The mean Mayo Elbow Performance Score (MEPS) for pain significantly improved from 15.0 points preoperatively to 32.8 points at the time of latest follow-up (p = 0.003). The mean arc of flexion also significantly increased, from 60.3° to 115.6° (p < 0.01). Stability according to the MEPS significantly increased from a mean of 2.2 points to a mean of 9.4 points (p = 0.001). The mean total MEPS improved from 41.0 points to 82.8 points (p = 0.001). The result was excellent for four elbows, good for eleven, and fair for one. Follow-up radiographs demonstrated fifteen cases with grade-I resorption of the bone graft and one case with grade-II resorption.

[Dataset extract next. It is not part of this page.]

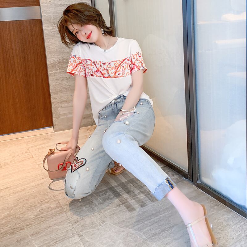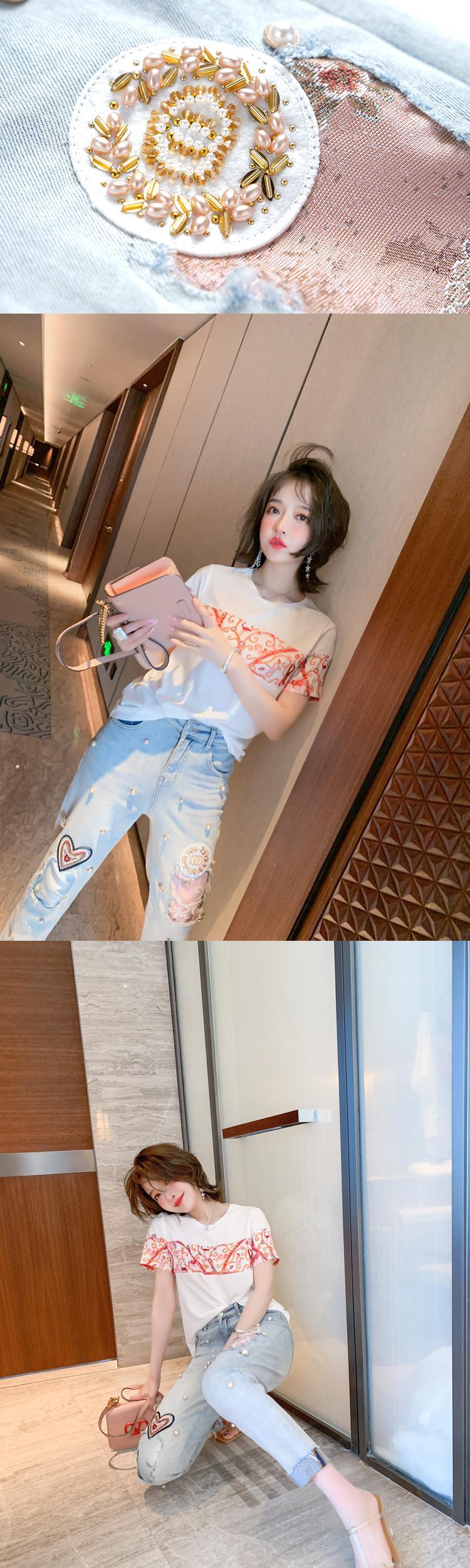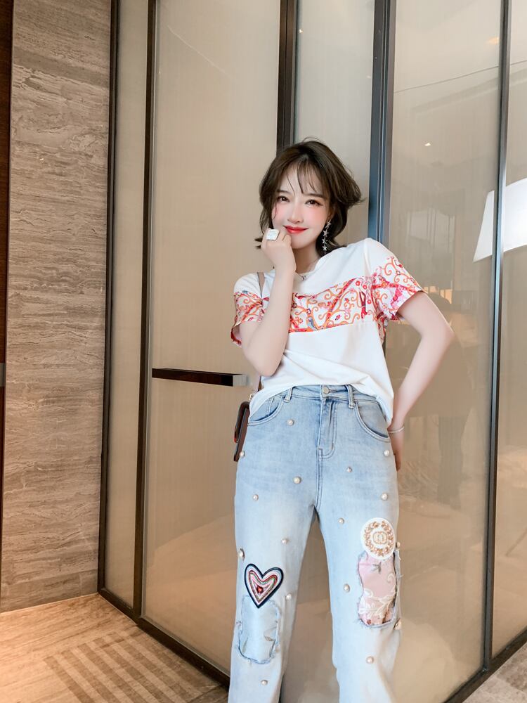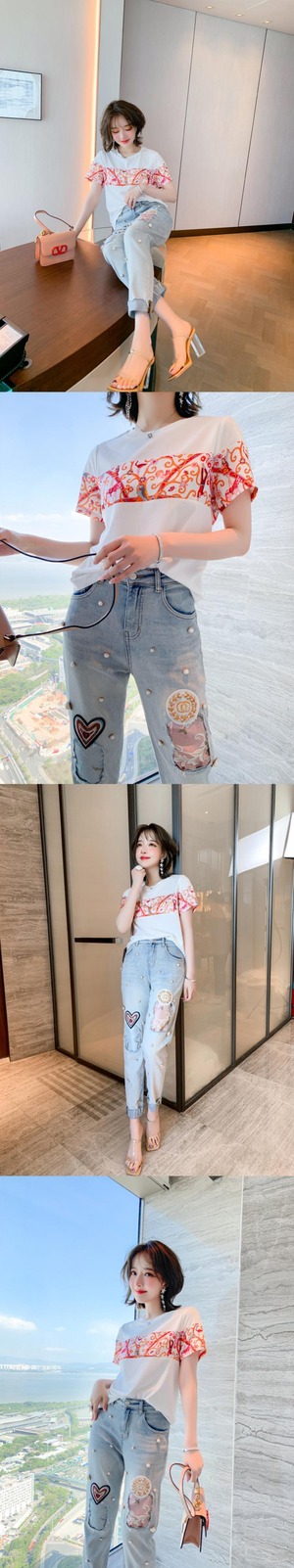 プリントラウンドネックTシャツ 刺繍ジーンズ サマースタイル 夏物 Oネック ステッチ MIUCO66718183370

A type-I radiolucent line was observed in twelve of the elbows; type II, in three; and type IV, in one. Additional surgery was required in two cases.

CONCLUSIONS

Impaction grafting is an effective technique when revision total elbow arthroplasty is used for the treatment of aseptic loosening with bone loss.

LEVEL OF EVIDENCE

Therapeutic Level IV. See Instructions for Authors for a complete description of levels of evidence.

摘要

背景

随着全肘关节置换术数量的增加,翻修手术也随之增加。关于全肘关节置换术后骨水泥填充失败的结果信息有限。

方法

我们回顾性分析了 16 例因半限制型全肘置换术后无菌性松动而进行翻修的病例。其中男性 3 例,女性 13 例,平均年龄 58.4 岁(28 岁至 75 岁)。14 例肘关节同时出现肱骨和尺骨组件松动,2 例仅出现肱骨组件松动。2 例肘关节肱骨皮质被肱骨组件穿透,1 例尺骨皮质穿透。根据 King 等的描述,发现 3 例为Ⅱ级骨丢失,6 例为Ⅲ级骨丢失,7 例为Ⅳ级骨丢失。13 例仅采用同种异体骨进行骨水泥填充,另外 3 例采用同种异体骨和髂嵴自体骨进行骨水泥填充。平均随访时间为 7.4 年(4.1 年至 11.2 年)。

结果

术前平均 Mayo 肘关节功能评分(MEPS)的疼痛评分从 15.0 分显著改善至末次随访时的 32.8 分(p = 0.003)。平均屈伸弧也显著增加,从 60.3°增加至 115.6°(p < 0.01)。根据 MEPS 评估的稳定性从平均 2.2 分显著增加至平均 9.4 分(p = 0.001)。总的 MEPS 评分从 41.0 分提高至 82.8 分(p = 0.001)。结果为优 4 例,良 11 例,可 1 例。随访 X 线片显示 15 例骨移植有Ⅰ级吸收,1 例有Ⅱ级吸收。12 例出现Ⅰ型透亮线,3 例出现Ⅱ型,1 例出现Ⅳ型。有 2 例需要进一步手术。

结论

在全肘关节置换术用于治疗伴有骨丢失的无菌性松动时,骨水泥填充是一种有效的技术。

证据等级

治疗性四级。请参阅作者说明以获取完整的证据等级描述。